Assessment is made of students' abilities in the various modules that they take. Assessment must take place against published criteria that are appropriate for the work in hand and must reflect what it is that modules and programmes at specific SCQF levels intend to deliver.

Note that not every element of every programme has to deliver on all that the programme sets out to achieve: the properties of various modules combine to deliver on the programme.

Assessment can be diagnostic, formative or summative (and in some instances will be two or three of these – they are not mutually exclusive). Diagnostic assessment can be used to determine standards of pre-existing knowledge or competency at the start of a class; formative assessment is used to help determine how students are progressing without the need to have the marks used as a formal judgment. Summative assessment – that which counts towards module grades – is generally also formative.  Effective feedback on performance in summative examinations should help students improve their performance in future tests.


3.2.3.1 Key features of the University of St Andrews Assessment Strategy

If Schools identify processes that ensure that assessment is transparent, reliable, valid and objective, then the University and students can have confidence that the marks assigned are appropriate.
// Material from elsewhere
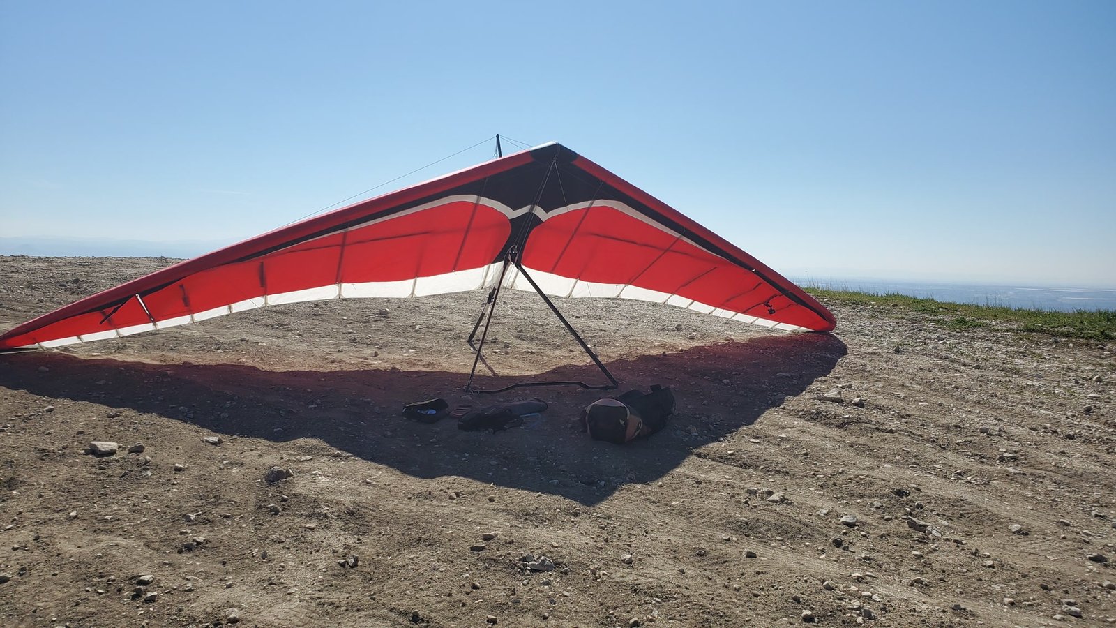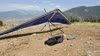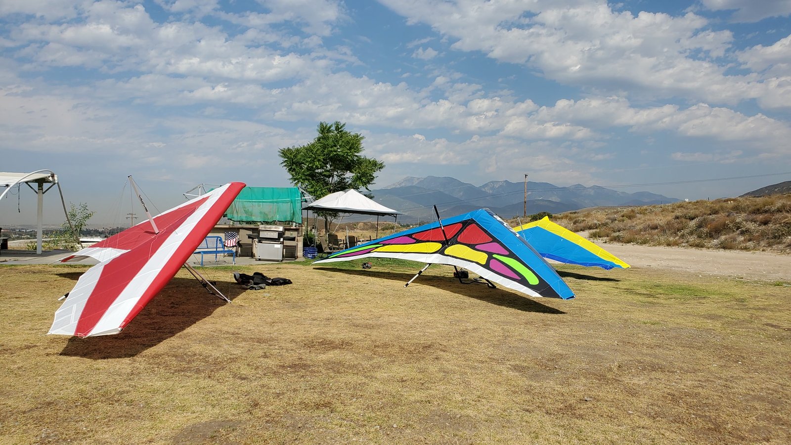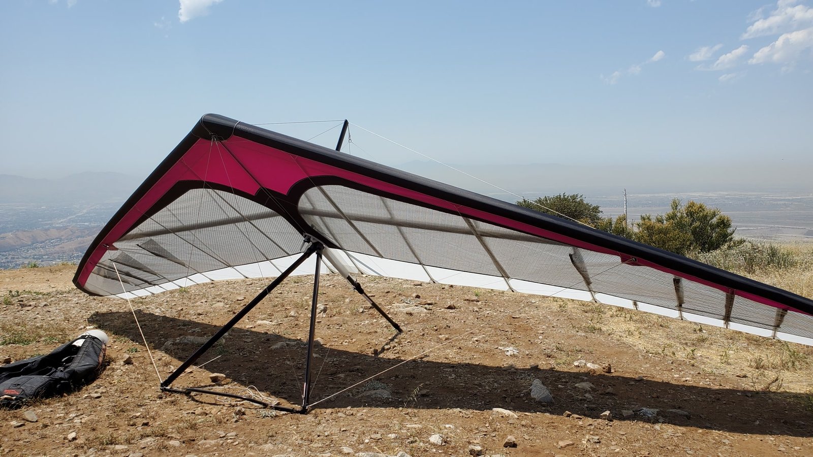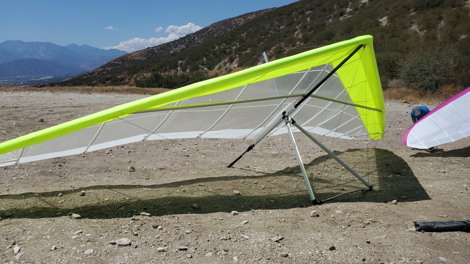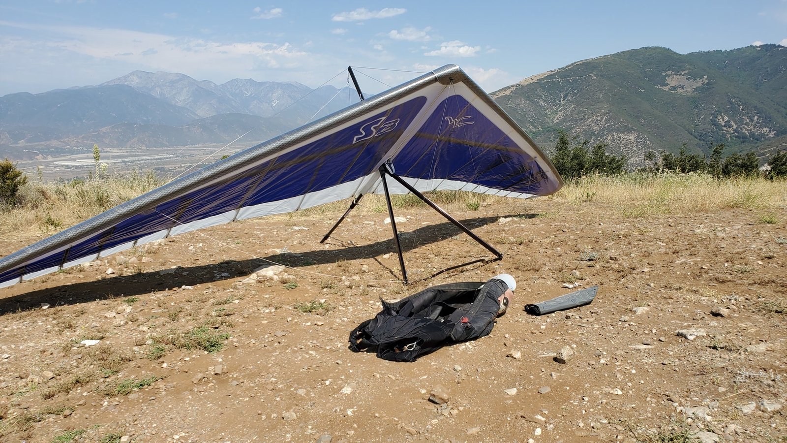 Nice breeze at launch, barely paused after walking over. Turbulent line near Last Chance but circling didn't work. Similar above the 750. Getting rolled toward the hill but nothing there when I'd turn and fly back through. Scratched what felt like dust devils below the 750 for a while to maintain altitude overall but much work and many dumps hillward. Bumpy approach and overshot cone in lift but good flare and landing. At least 100 degrees F and the sun was brutal breaking the gliders down.

  • Transparent: There are clear criteria against which the work is being judged and students are informed of all assessment procedures at the beginning of each phase of the programme.
  • Reliable:  Assessment provides an accurate estimate of student performance such that, if assessed again by a different exam or examiner the same outcome would occur.
  • Valid:  Does the examination test what it should? Does the assessment match the learning objectives or exam blueprint?
  • Objective:  The ideal for assessment – both content and procedures – is that it should be sufficiently clear and free from bias such that two independent, properly informed markers would reach the same mark.
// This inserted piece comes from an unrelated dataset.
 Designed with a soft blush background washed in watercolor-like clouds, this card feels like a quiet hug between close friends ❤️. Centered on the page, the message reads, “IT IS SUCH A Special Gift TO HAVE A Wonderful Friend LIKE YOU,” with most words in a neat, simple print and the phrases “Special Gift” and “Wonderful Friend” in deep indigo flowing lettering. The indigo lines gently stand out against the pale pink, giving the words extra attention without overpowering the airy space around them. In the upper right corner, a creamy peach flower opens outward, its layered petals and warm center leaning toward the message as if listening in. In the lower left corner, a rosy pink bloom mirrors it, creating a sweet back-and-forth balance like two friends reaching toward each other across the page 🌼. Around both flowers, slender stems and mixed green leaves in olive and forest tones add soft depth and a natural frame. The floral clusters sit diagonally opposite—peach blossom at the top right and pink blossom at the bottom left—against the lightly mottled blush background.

Standard setting can be understood as a simple question: how is it determined that a particular element of work is worth the mark given?  Standard setting in St Andrews University does not involve relative (norm-referenced) methodology requiring the fitting of marks to a predetermined, normally distributed, grade curve such that a fixed proportion of students achieve particular grades (and such that the proportions of students achieving those grades can be standardized across disciplines). This approach would require homogeneity of student abilities and numbers for every module in every subject in every academic year. It also cuts across the independence of different Schools and disciplines to determine their own standards. In most academic Schools standard setting is relatively straightforward.

  • Many tests of complex calculation or knowledge allow for an accumulation of marks on an objective basis. All that is normally required here is that the questions set show an incremental level of difficulty such that there is sufficient challenge to discriminate between students with different aptitudes and abilities.
  • For more qualitative work (such as essays, dissertations, reports) the normal standard setting methodology is that every student's work is assessed individually using criterion referenced standards.  This approach determines whether a student knows enough for a particular purpose such as passing a module or is achieving a level of performance consistent with certain degree classification levels. The assessor determines the level of performance required of students. Effective marking must reflect properly what the intended learning outcomes of the teaching in question are.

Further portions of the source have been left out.